DATASET SECTION START

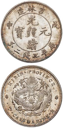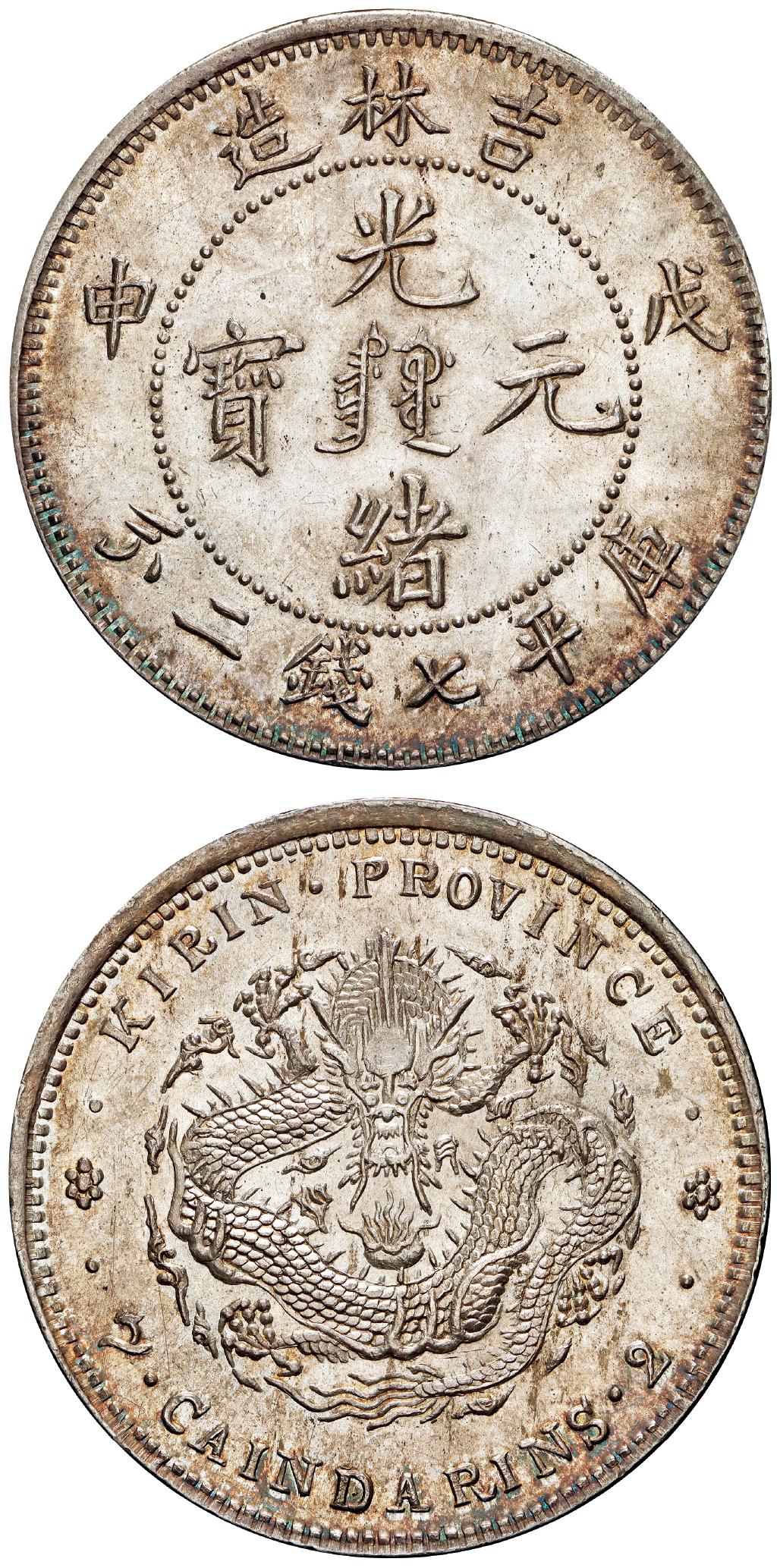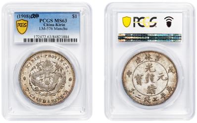 1908, Kuang Hsu Yuan Pao Silver Coin, 7.2 Mace, Kirin Province, Extremely Rare, PCGS MS63 (No.1)
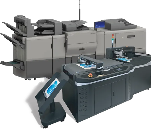 The equipment we provide is from global brands like RICOH/KONICA MINOLTA/XEROX/UCHIDA. We give you the solution that meets your needs so you can print on demand within your premises.
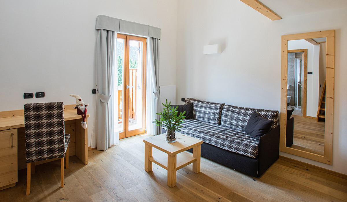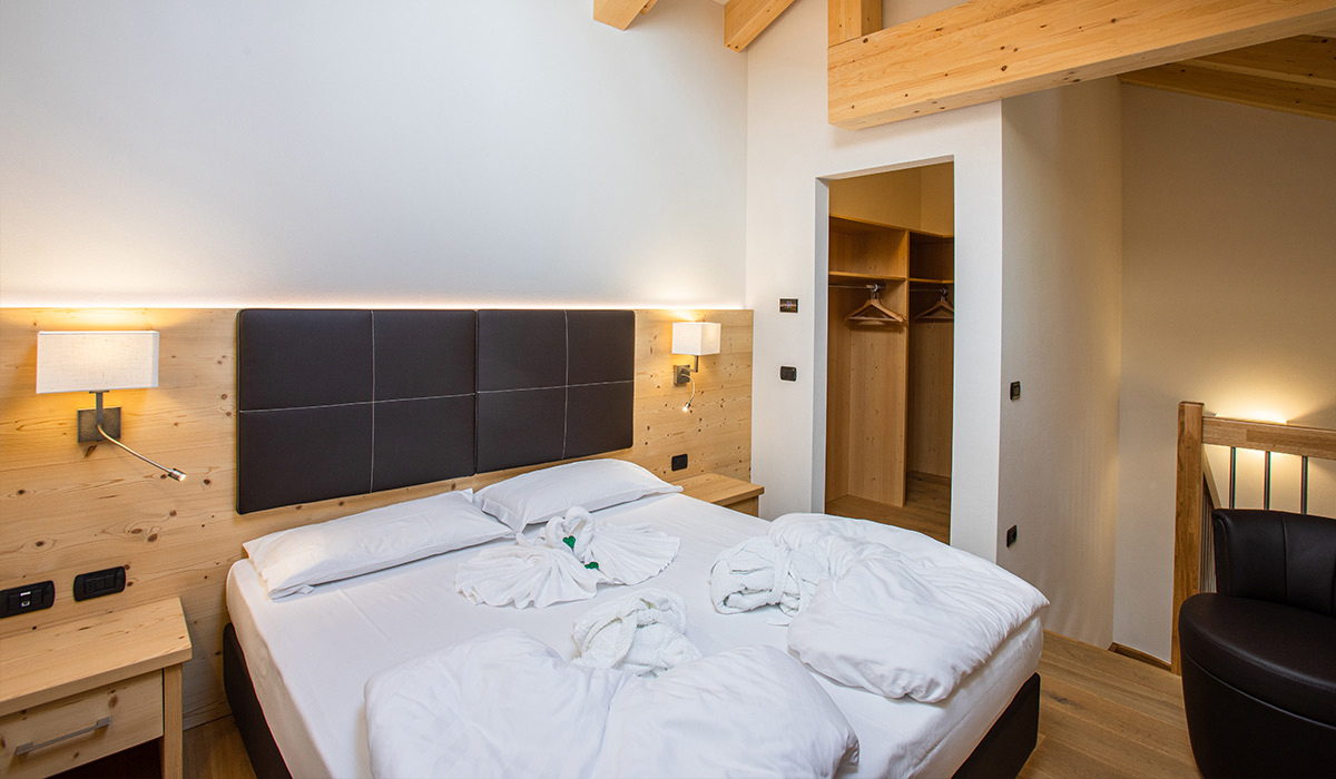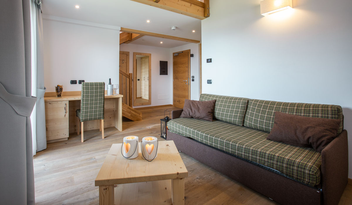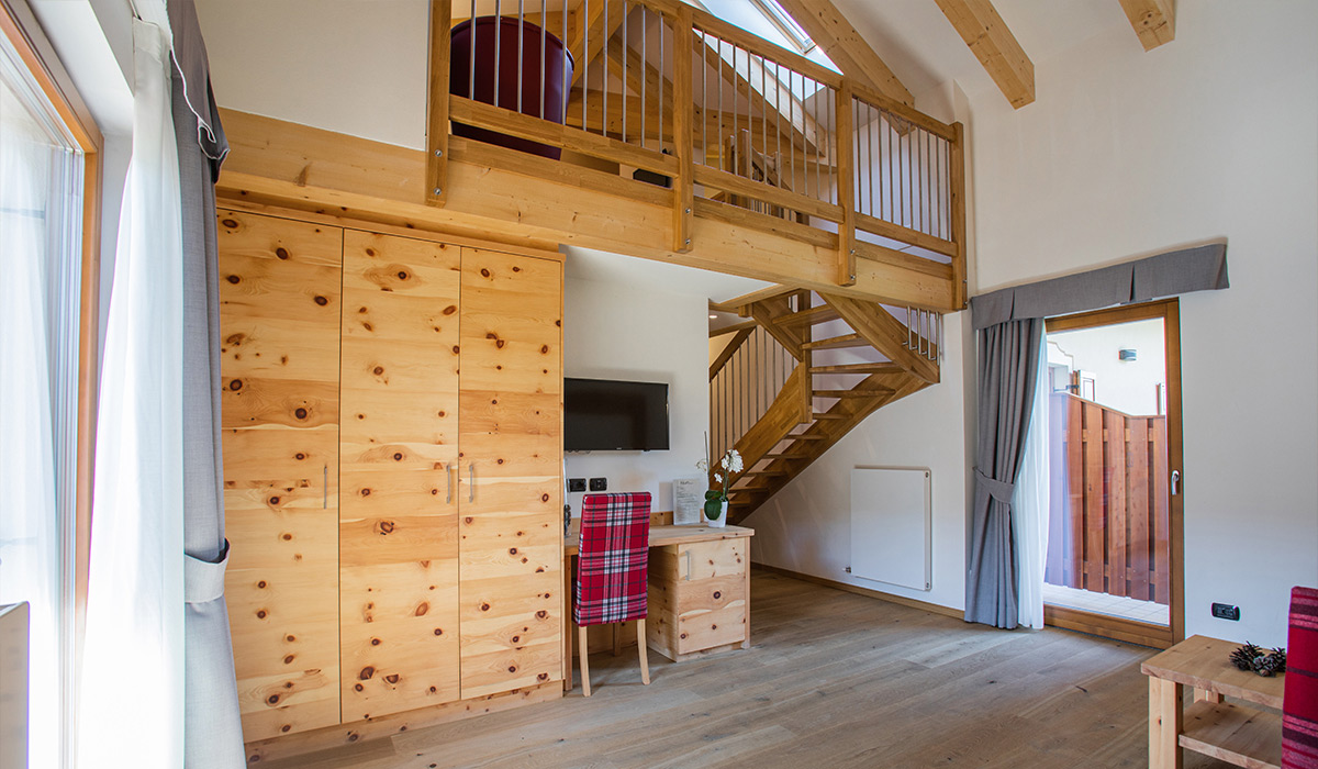 Le Junior Suite Stella Alpina sono caratterizzate da un’ampia metratura e dal balcone panoramico. Salottino e soppalco garantiscono inoltre il massimo del comfort e della privacy.

DATASET SECTION END

■ WORK TASK
Would you write out all of the data exactly as it stands, without the pictures?

■ YOUR SOLUTION
 1908, Kuang Hsu Yuan Pao Silver Coin, 7.2 Mace, Kirin Province, Extremely Rare, PCGS MS63 (No.1)
 The equipment we provide is from global brands like RICOH/KONICA MINOLTA/XEROX/UCHIDA. We give you the solution that meets your needs so you can print on demand within your premises.
 Le Junior Suite Stella Alpina sono caratterizzate da un’ampia metratura e dal balcone panoramico. Salottino e soppalco garantiscono inoltre il massimo del comfort e della privacy.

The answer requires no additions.